Rate Schedule SP-EI5
SCHEDULES 4 & 9 to Tariff
(Supersedes Rate Schedule SP-EI4)
United States Department of Energy Western Area Power Administration
Colorado River Storage Project Management Center Colorado River Storage
Project
Energy and Generator Imbalance Services (Approved Under Rate Order No.
WAPA-190)
Effective:
Rate Schedule SP-EI5 will be placed into effect on an interim basis
on the first day of the first full-billing period beginning on or after
October 1, 2020, and will remain in effect until FERC confirms,
approves, and places the rate schedules into effect on a final basis
through September 30, 2025, or until the rate schedules are superseded.
Applicable:
To all CRSP Transmission Customers receiving this service.
Formula Rates:
Provided through the Western Area Colorado Missouri (WACM)

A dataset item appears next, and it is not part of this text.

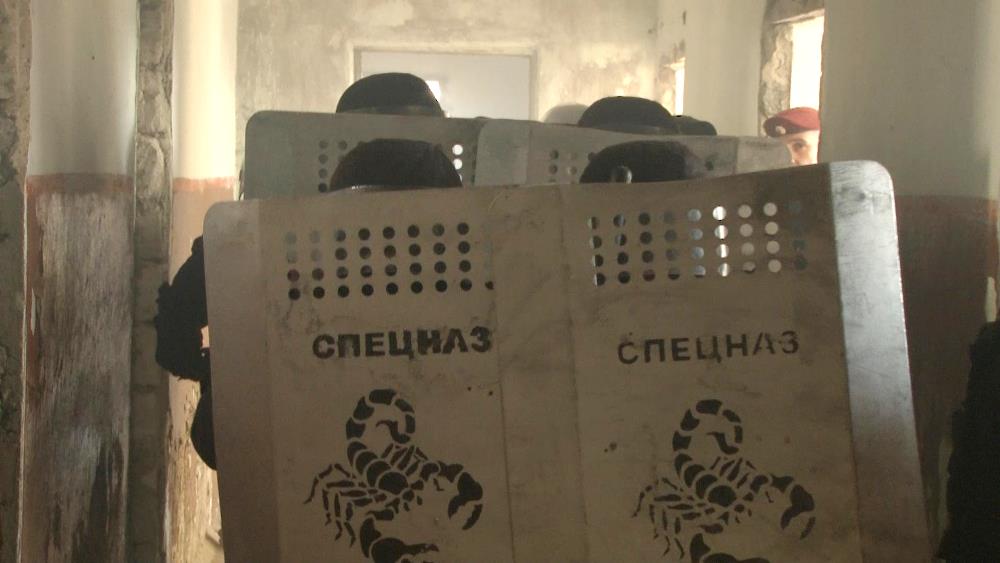 «На втором этапе одна из групп осуждённых условно забаррикадировалась в жилом здании, а руководитель операции принял решение о проведении штурма, конвоировании осуждённых в ШИЗО. Силами отряда спецназначения были продемонстрированы различные виды входа в здание на 1-ом и 2-ом этажах, а также в самом помещении», – прокомментировал заместитель командира по работе с личным составом отряда специального назначения «Скорпион» Роман Стариков.

Balancing Authority under Rate Schedules L-AS4 and L-AS9, or as
superseded.
Rate Schedule SP-SSR5
[[Page 52130]]
SCHEDULES 5 & 6 to Tariff
(Supersedes Rate Schedule SP-SSR4)
United States Department of Energy Western Area Power Administration
Colorado River Storage Project Management Center Colorado River Storage
Project
Operating Reserves--Spinning and Supplemental Reserve Services
(Approved Under Rate Order No. WAPA-190)
Effective:
Rate Schedule SP-SSR5 will be placed into effect on an interim
basis on the first day of the first full-billing period beginning on or
after October 1, 2020, and will remain in effect until FERC confirms,
approves, and places the rate schedules into effect on a final basis
through September 30, 2025, or until the rate schedules are superseded.
Applicable:
To all CRSP Transmission Customers receiving this service.
Formula Rate:
The Transmission Customer serving loads within the transmission
provider's balancing authority must acquire Spinning and Supplemental
Reserve services from CRSP, from a third party, or by self-supply.
Rate Schedule SP-SS1
United States Department of Energy Western Area Power Administration
Colorado River Storage Project Management Center Colorado River Storage
Project
Sale of Surplus Products (Approved Under Rate Order No. WAPA-190)
Effective:
The first day of the first full billing period beginning on or
after October 1, 2020, and extending through September 30, 2025, or
until superseded by another rate schedule, whichever occurs earlier.
Applicable:
This Rate Schedule applies to the sale of the following Salt Lake
City Area Integrated Projects (SLCA/IP) surplus energy and capacity
products: energy, frequency response, regulation, and reserves. If any
of the above SLCA/IP surplus products are available, SLCA/IP can make
the product(s) available for sale, providing entities enter into
separate agreement(s) with CRSP Marketing which will specify the terms
of the sale(s).
Formula Rate:
The charge for each product will be determined at the time of the
sale based on market rates, plus administrative costs. The customer
will be responsible for acquiring transmission service necessary to
deliver the product(s), for which a separate charge may be incurred.